I have a bunch of the "Burnham Radiant" which you can see in the picture in this thread (kitch.jpg). Any comments on taking out some of the sections to get the load to more closely match my new calculation. I am afraid I would just ruin them if I tried to take them apart.
Also does anyone know the true low limit for down firing the G8.
Here are my numbers after calculating with all the insulation improvements.
Kitchen: before: 5500 after: 5500 / radiator: 7560
Dining Room: Before: 5400 After: 3200 / radiator: 7560
Living Room: before: 12100 after: 7800 / radiator: 22440
S.E. Bedroom: before: 3300 after: 1570 / radiator:4320
N.E. Bedroom: before: 6100 After: 3420 / radiator:7560
N.W. Bedroom: before: 4900 After: 2700 / radiator:6480
Bathroom: before: 2500 after: 1035 / radiator:3240
Hallway: before: 1100 after: 890
Attic: before: 9900 after: 8045 / radiator:5400
Basement: before: 17500 after: 18400
Total before: 68300 Total after: 46080
Total radiation from just the radiators is: 241.5'sq or 57840 BTU
You can see that each radiator is now way too big.
Mr. Secor of Palmer reviewed it and came up with even less.
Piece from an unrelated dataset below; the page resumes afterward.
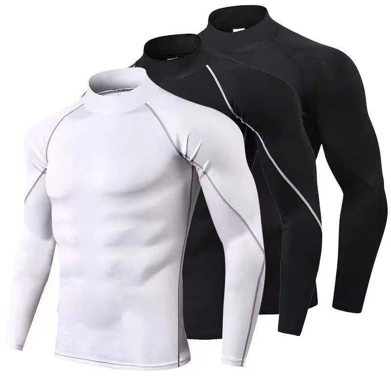 เสื้อยืดคอมเพรสชั่นคอสูงแขนยาวสั่งทำขายส่งสำหรับผู้ชาย UPF50 ระบายอากาศได้ดี แห้งเร็ว เหมาะสำหรับออกกำลังกายที่ยิม

I had fudged a couple numbers and or made mistakes.
Anyway the big question is how low can it go (the G8) and still make steam.
Do I go through the cost or reworking the connections to fit different radiators?
Do I try to control the existing with expensive thermal vents?
Do I take apart the radiators I have?
Do I buy a smaller boiler to match the smaller load if the G8 can't get that low?
Will a G8 cycle properly if I just size it to the radiation I have with such a small heat loss?
What do I do in this situation?
Am I crazy here... Am I going to far... Am I splitting hairs.. I am even starting believe I getting nuts looking at these numbers.0 -
Stamato you are hired, be at my shop at 7-30 am sharp.0 -
Here is what I have and need
Doesn't look like I can rearrange them either as the sizes don't match up well.
Ratiators
EXISTING
LocationS.......Sec.....SQFT....BTU.....Type
Kitchen...........14......31.5....7560....Recessed
Dining Room....9.......31.5....7560....5 Tube
Living Room.....22......66......1584....3 column
S.E. Bedroom....8.......18......4320....Recessed
N.E. Bedroom...14......31.5....7560....Recessed
N.W. Bedroom..12......27......6480....Recessed
Bathroom.........6.......13.5....3240....Recessed
Attic.................6.......22.5....5400....3 Column
Need (Based on Calculated Heat Loss)
Location........Sec.....SQFT....BTU.....Type
Kitchen...........10......23......5500....Recessed........20"
Dining Room.....9......31.5....7560
Living Room..............32.5....7800
S.E. Bedroom....3.......6.54....1570....Recessed........20"
N.E. Bedroom.....7......14.25...3420....Recessed........20"
N.W. Bedroom...........5.......11.25...2700....Recessed........20"
Bathroom..........2.......4.35....1035....Recessed........20"
Bathroom+20%..3.....5.175...1242....Recessed........20"
Attic.................33.5....80450 -
EDR totals
Existing: 241.5
Calced: 162.2
I've never down-fired a G-8 that low. But, you could always hook up an indirect water heater to a G-8 to use the extra capacity.......
I wouldn't try to take your rads apart unless you have a source of replacement push nipples. I'd go ahead and install the 3-section G-8 and downsize the rads one by one, and maybe do the indirect too.